Antinociceptive Effect of Resolvin D1 on Bone Cancer Pain

Objectives: Resolvin D1 (RvD1) is an endogenous lipid mediator synthetized from w-3-polyunsaturated fatty acid. RvD1 acts on the peripheral and central nervous system inducing antinociception. In this project we explored systemic and intrathecal (i.t.) anti-hyperalgesic effects of RvD1 during bone cancer pain and the involvement of prostaglandin signaling in this effect.
Methods: Fibrosarcoma cells were injected in the calcaneus bone of mice to induce tumor development and mechanical and heat hyperalgesia. RvD1 was administered subcutaneously (s.c.) (80, 100, and 200ng / 50µl) or i.t (0.0001 - 3 ng / 5µl). Mechanical and heat hyperalgesia were determined by measuring the frequency of withdrawal evoked by a 3.9 mN von Frey monofilament and the withdrawal latency to radiant heat delivered to the plantar surface of the paw 1,2,3,4 and 24 hours following injections. Activity of cyclooxygenase-2 (COX-2) in the spinal cord and dorsal root ganglia (DRG) was evaluated calorimetrically.

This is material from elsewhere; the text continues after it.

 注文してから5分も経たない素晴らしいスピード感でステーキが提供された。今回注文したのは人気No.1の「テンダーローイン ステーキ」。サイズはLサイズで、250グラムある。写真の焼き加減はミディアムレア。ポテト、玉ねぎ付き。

Results: Systemic and i.t. administration of RvD1 reduced mechanical and heat hyperalgesia. I.t. delivery reduced mechanical and heat hyperalgesia with similar potencies (ED50 values for pain inhibition were 0.04 pmol and 0.02 pmol, respectively). I.t. injection of RvD1 (0.03 pmol) and morphine (50 pmol) showed comparable anti-hyperalgesia suggesting that RvD1 is ~1700 times more potent than morphine. Administration of RvD1 reduced activity of COX-2 in the spinal cord and DRG, suggesting that RvD1 decreases pronociceptive effects of prostaglandins.

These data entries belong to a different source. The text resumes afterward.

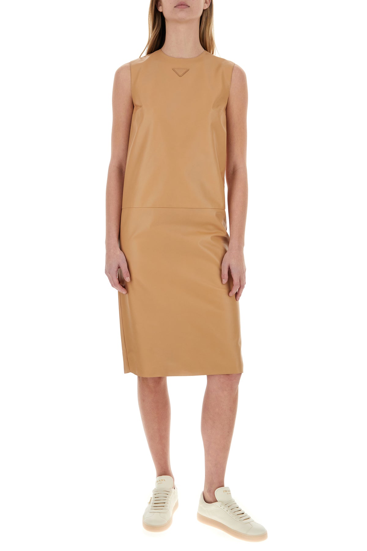 Dress realized in nappa leather enriched by iconic logoed tonal leather triangle at the front.
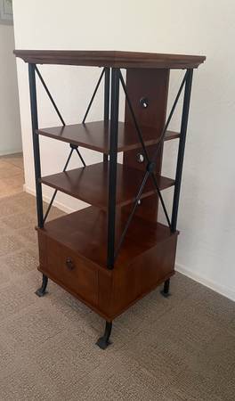 Decorative Stands with Shelving and Storage. Cherry wood and wrought iron. Excellent condition. 19" x 21.5 x 44" high Purchase one for $40. Purchase both for $70.
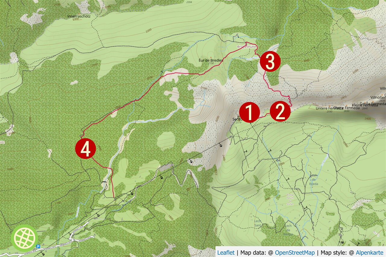 Geokoordinaten zum Start 46.556617 11.758983. Sie führen Dich nach Wolkenstein, wo Du das Auto parkst.
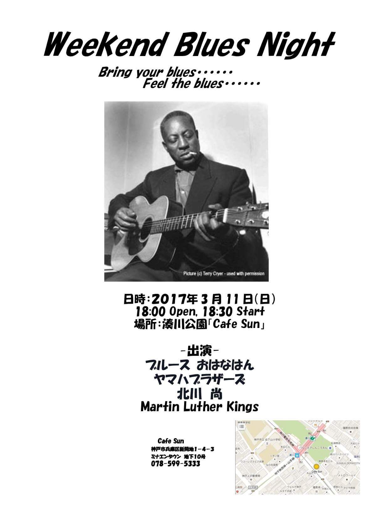 11 March 無題 本日はコレ!定期開催のWeekend Blues Nightです(*^_^*)当ライブは完全にタイムスリップです。歴史あるブルースに触れるならココで間違いないでしょう。18:30スタート のーちゃーじお待ちしております☆彡
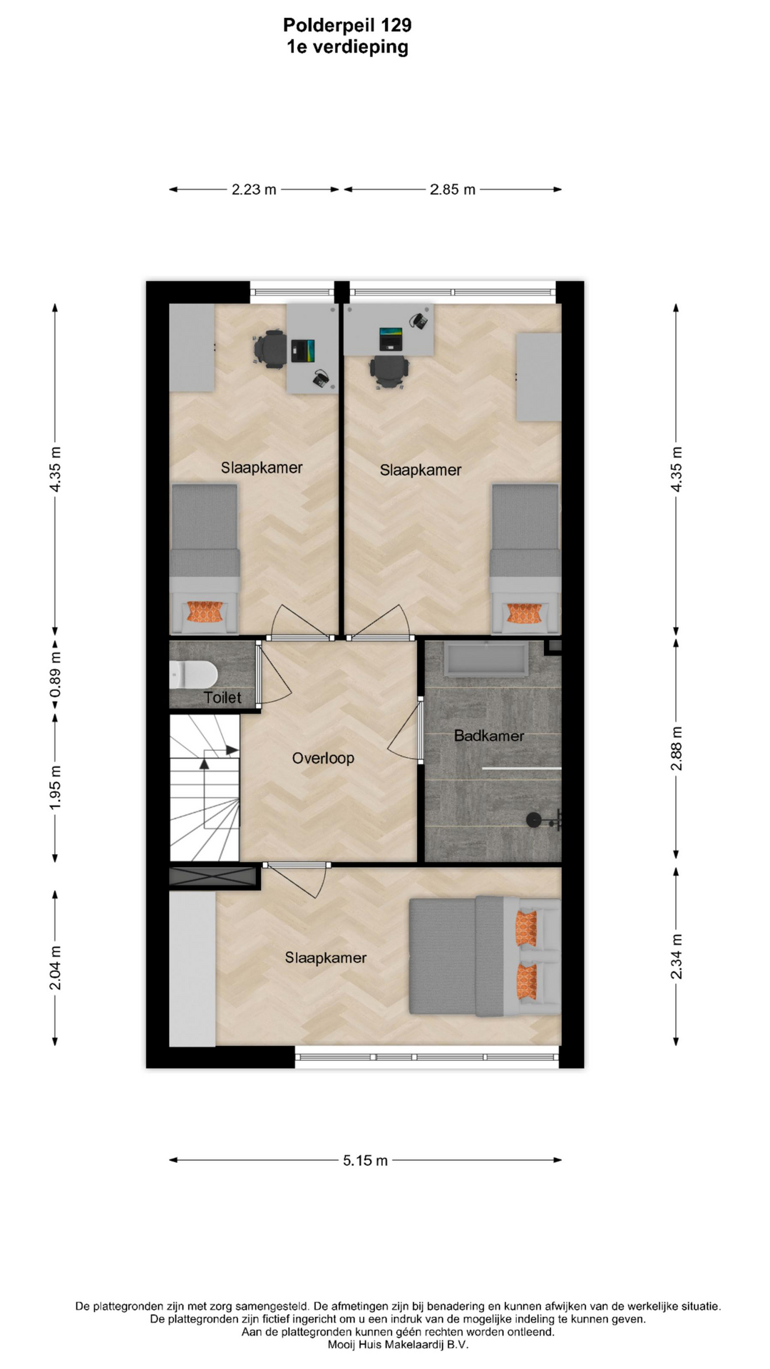 - De eerste verdieping biedt via de royale overloop toegang tot drie volwaardige slaapkamers, de badkamer, een separaat toilet en de trapopgang naar de tweede verdieping.

Conclusions: We demonstrated that RvD1 induces robust antinociception in a model of bone cancer pain following both systemic and i.t. administration. One underlying mechanism is the inhibition of enzymes that synthetize prostaglandins. These studies can potentially lead to a new and effective way of treating severe bone cancer pain.